Finally, you have a lot of political division across Afghanistan among people who oppose the Taliban, but do not agree when it comes to the level of support for President Ashraf Ghani’s government. Especially since 2014, there’s been a history of political struggles and infighting among people who are on the side of the Afghan government, but can’t get along and cooperate with one another.

In every instance of infighting, you’ve seen the Taliban capitalize on the uncertainty and the confusion and the divisions that have cropped up. You see the Taliban moving into places where the central government in Kabul has a disagreement with people who sit in a provincial capital, or local communities who don’t want someone assigned to them as an official because they’re being sent from Kabul and they’re not local to the area.

That’s a pattern that’s played itself out hundreds of times around the country. A lot of people feel disenfranchised or alienated by the central government, which gives them much less reason to fight on behalf of the government to keep the Taliban out.
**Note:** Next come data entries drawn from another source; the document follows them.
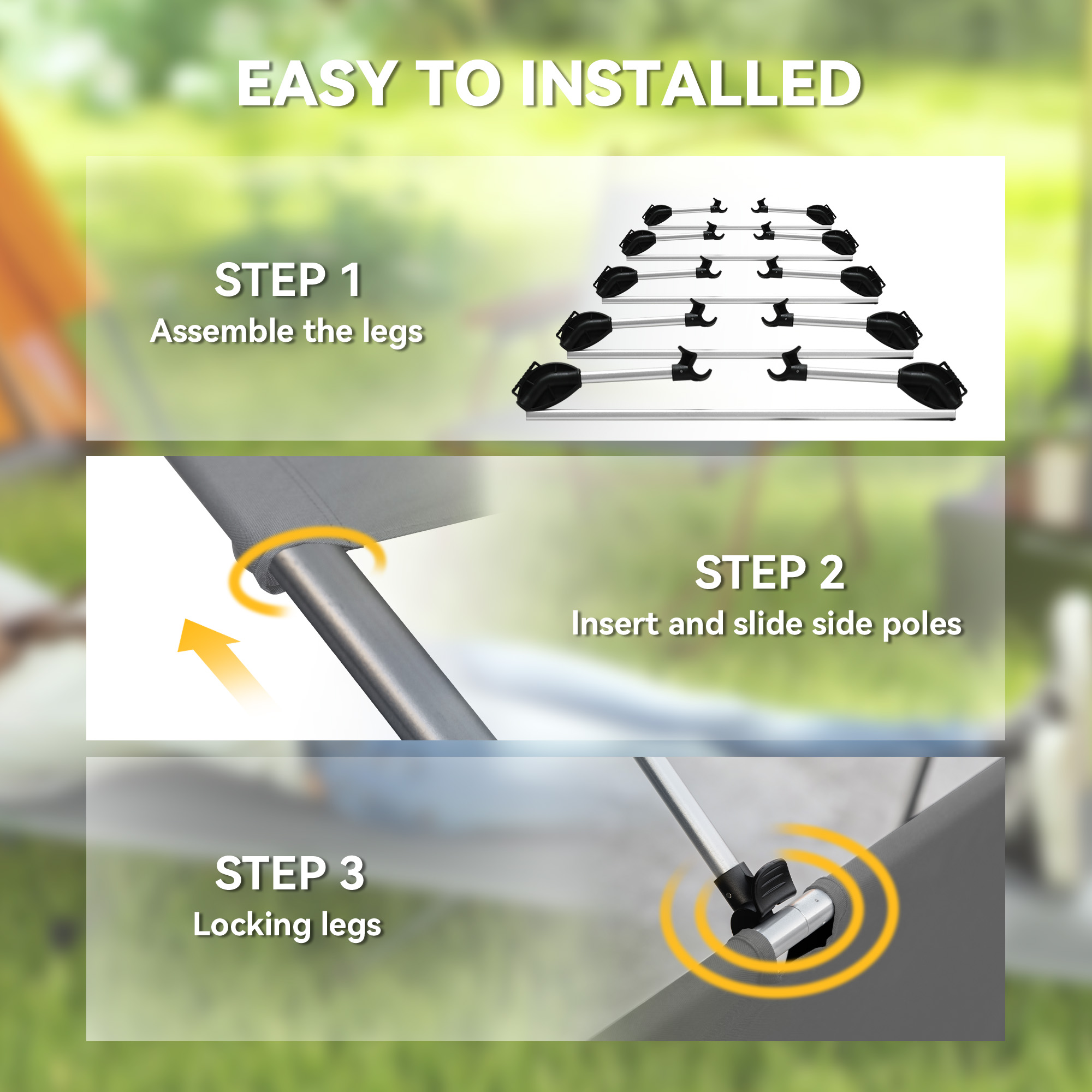 Sleeping when camping is never the great experience. Let's put an end to this, with the help of this camping travel cot. A fully buildable design - comes with legs, side poles and top fabric - set up and take down, put in the bag and take with you wherever you want; makes being comfortable on camping trips ever so easy. The top fabric holds your body comfortably, the legs elevate you so you don't have to touch the ground.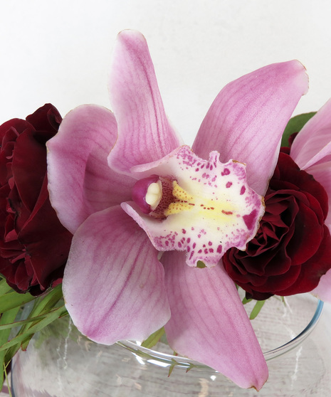 This flower crown is designed with lush burgundy spray roses, burgundy cymbidium orchid blooms, seasonal greenery, and a coordinating ribbons.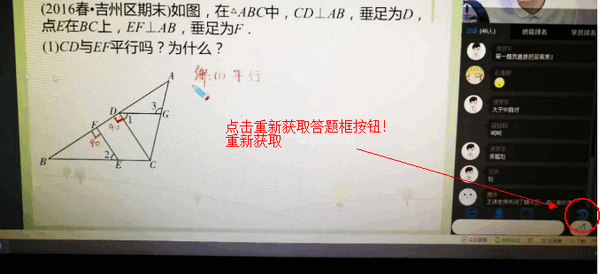 点击直播界面右下角重新获取答题框的按钮即可。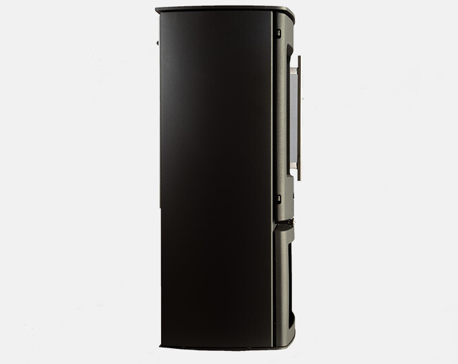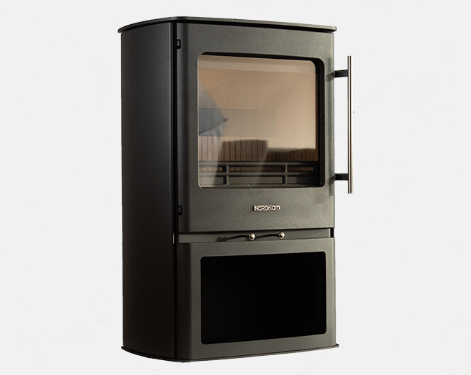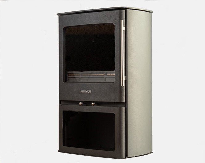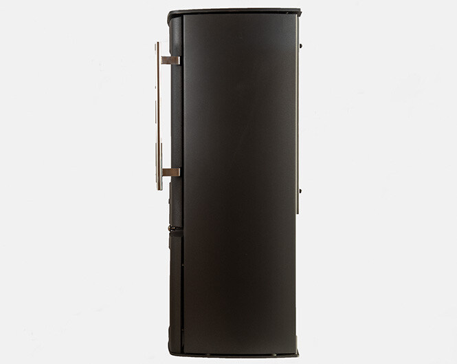 Deze houtkachel heeft zowel een bovenaan- als achtersluiting.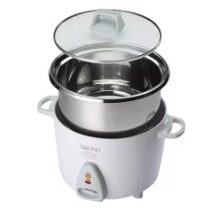 Cookers AROMA Simply 6-Cup Stainless Steel White Rice Cooker With Measuring Cup And Serving Spatula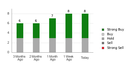 Toyota Motor currently has an average brokerage recommendation (ABR) of 1.75, on a scale of 1 to 5 (Strong Buy to Strong Sell), calculated based on the actual recommendations (Buy, Hold, Sell, etc.) made by eight brokerage firms. An ABR of 1.75 approximates between Strong Buy and Buy.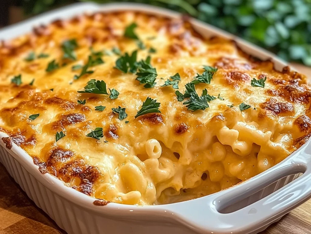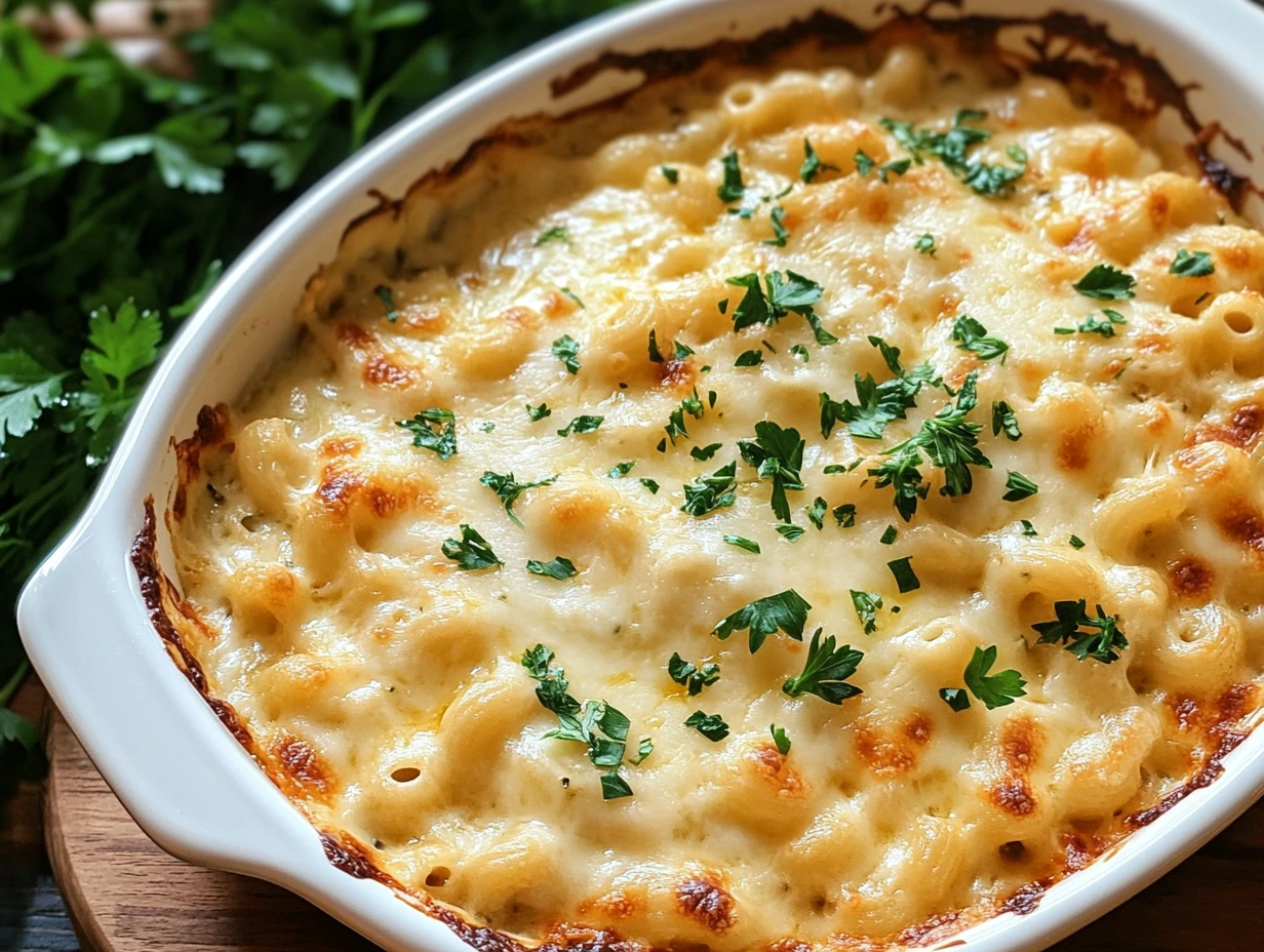 This rich and creamy mac and cheese combines a medley of cheeses with perfectly seasoned pasta for an indulgent dish. It’s baked to golden perfection and finished with a sprinkle of fresh parsley for the ultimate comfort food experience!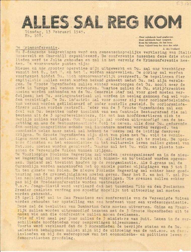 Alles sal reg kom. Dinsdag, 13 februari 1945. No. 117.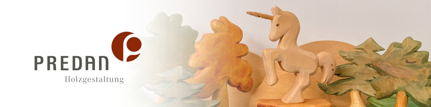Georg Predan founded Predan Holzgestaltung in 1972 and has since designed a large variety of wooden animals, trees and shrubs as well as people and fairy-tale figures. Every manufacturing step that turns a piece of timber into a wooden toy is made by hand - from the moment the timber arrives until the finished products leave the workshop in Schwäbisch Gmünd, Germany.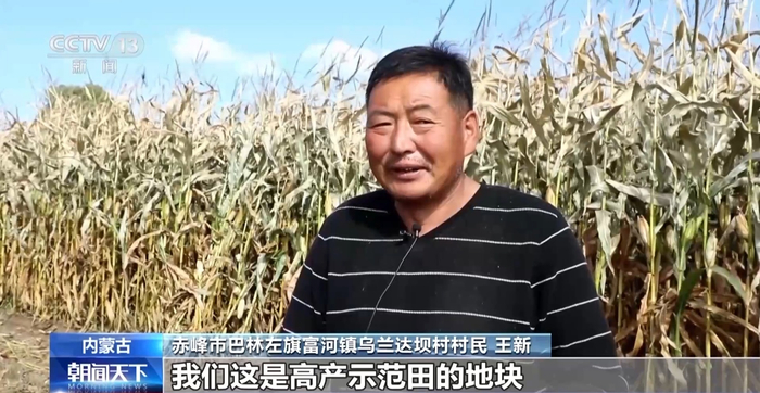 赤峰市巴林左旗富河镇乌兰达坝村村民 王新:我们这块是高产示范田的地块,示范田得了大丰收,所以老百姓心里都乐开花了。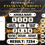 Prediksi Boss Togel Cambodia Sabtu 27 Desember 2025
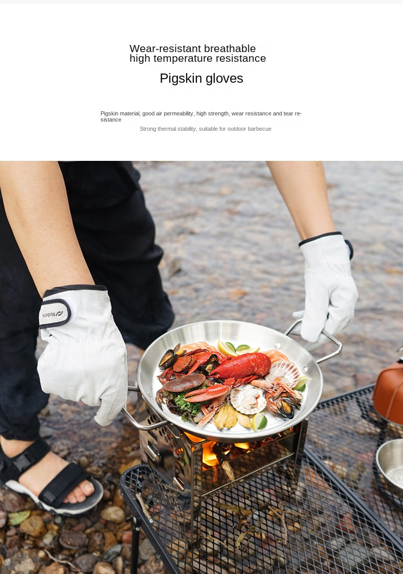 Outdoor picnic BBQ gloves camping fire barbecue cowhide heat insulation thickening wear pigskin breathable labor protection gloves

Now, some people have asked, “Well, but wouldn’t they still want to keep the Taliban out?” And the fact is, they weren’t well-resourced, and they weren’t well provided for in many communities. All of that means they didn’t really have what it would have taken to oppose the Taliban. So a lot of people backed off — not because the Taliban spread a misinformation campaign, not because the US had been previously helping and all of a sudden disappeared, but because of divisive political dynamics.

Jen Kirby

So it’s not as black and white as “Afghan government versus the Taliban.” You’ve got a lot of decentralization and shifting dynamics playing out across the country.

Andrew Watkins

The only asterisk is that the Afghan government is incredibly centralized. The Afghan presidential system is one of the strongest presidential systems in the world. It’s a winner-take-all system. There’s very little space for opposition political parties, or for the runner-up in a presidential election. Under Ghani, that process of centralizing power underneath the presidency has only increased.

Much of Afghan society is still decentralized, and you’ve got a government attempting to centralize, but in a way that isolates or alienates many local communities. The cost of centralization has been the government’s inability to actually establish buy-in and cooperation and support from whole regions of the country.

Jen Kirby

Based on these dynamics, it strikes me that some of this seems pretty predictable, which makes me wonder whether the US really did bungle this exit, by not preparing for or trying to head off some of what we’re seeing now?

Andrew Watkins

There were bungles on all sides. There were a series of mistakes in the way that the United States extracted itself in a military sense, but also politically. The US did not commence a lot of the planning for what its post-withdrawal support and involvement in Afghanistan would look like until President Biden made his decision in mid-April.

By that point, we had already almost reached the May 1 deadline for US troop withdrawal that the peace deal between the US and the Taliban had mandated. There was a rush against the clock to start the withdrawal in the hopes that the agreement might be preserved with the Taliban.

But the US still hasn’t answered key questions about how it will provide remote support to help maintain the Afghan Air Force, what logistics and supply lines will look like from abroad, whether it will continue air support after the August 31 withdrawal date. Currently, the White House and the Pentagon say “no,” but it seems to be under debate right now in Washington. All of that has sent an alarming message of uncertainty to the Afghans.

On the other hand, the United States began broadcasting — rather seriously — more than two years ago that it was looking to pull its military forces and gradually disengage from supporting the Afghan government.

There are people in Afghanistan, including some of the seniormost advisers in the Afghan government, who at least appear to have been in denial or to not have fully accepted the Americans were really going to leave. This is something other Afghan commentators say.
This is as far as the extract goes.